==== Exercise material

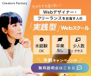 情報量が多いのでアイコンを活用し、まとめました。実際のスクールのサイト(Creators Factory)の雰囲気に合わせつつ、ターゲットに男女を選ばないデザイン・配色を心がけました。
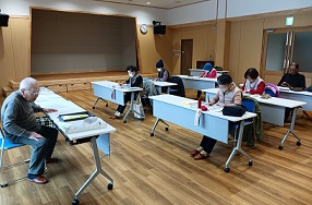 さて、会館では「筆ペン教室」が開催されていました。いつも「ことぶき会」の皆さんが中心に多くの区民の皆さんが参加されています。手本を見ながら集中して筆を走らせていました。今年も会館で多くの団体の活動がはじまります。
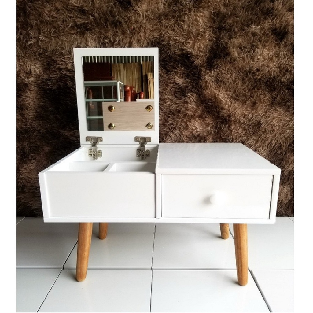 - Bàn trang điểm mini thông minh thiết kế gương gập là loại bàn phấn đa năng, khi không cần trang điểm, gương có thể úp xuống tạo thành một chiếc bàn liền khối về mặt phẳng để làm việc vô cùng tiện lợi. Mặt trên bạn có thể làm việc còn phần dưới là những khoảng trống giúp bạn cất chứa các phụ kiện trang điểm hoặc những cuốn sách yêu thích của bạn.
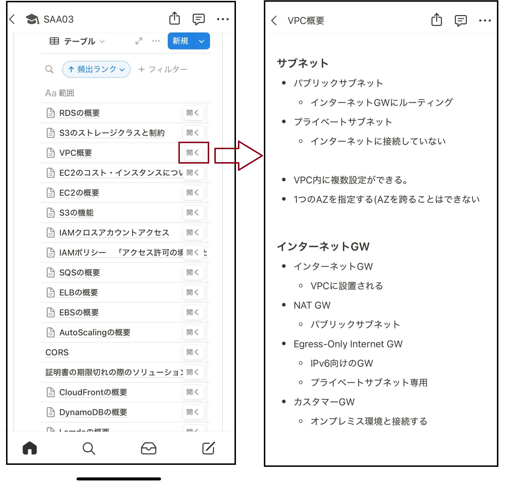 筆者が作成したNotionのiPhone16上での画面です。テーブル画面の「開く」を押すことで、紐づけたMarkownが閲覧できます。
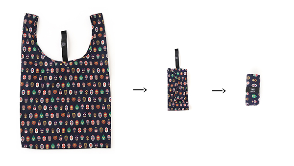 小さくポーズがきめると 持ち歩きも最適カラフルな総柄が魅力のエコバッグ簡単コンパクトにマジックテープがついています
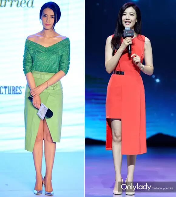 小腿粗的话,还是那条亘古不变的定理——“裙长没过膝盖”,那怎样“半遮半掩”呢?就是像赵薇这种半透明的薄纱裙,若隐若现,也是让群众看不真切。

========
==== Exercise material

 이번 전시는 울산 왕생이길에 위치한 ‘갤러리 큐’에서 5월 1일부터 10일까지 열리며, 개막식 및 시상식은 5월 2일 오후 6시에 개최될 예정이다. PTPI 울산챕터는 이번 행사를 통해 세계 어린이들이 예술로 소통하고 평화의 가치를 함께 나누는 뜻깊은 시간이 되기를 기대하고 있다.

========

Assigned task
In the listing above, find the line with "筆者が作成したNotionの" and the line with "小腿粗的话,还是那条亘古不变". Set down both and every line between them, minus the pictures.

Response area
 筆者が作成したNotionのiPhone16上での画面です。テーブル画面の「開く」を押すことで、紐づけたMarkownが閲覧できます。
 小さくポーズがきめると 持ち歩きも最適カラフルな総柄が魅力のエコバッグ簡単コンパクトにマジックテープがついています
 小腿粗的话,还是那条亘古不变的定理——“裙长没过膝盖”,那怎样“半遮半掩”呢?就是像赵薇这种半透明的薄纱裙,若隐若现,也是让群众看不真切。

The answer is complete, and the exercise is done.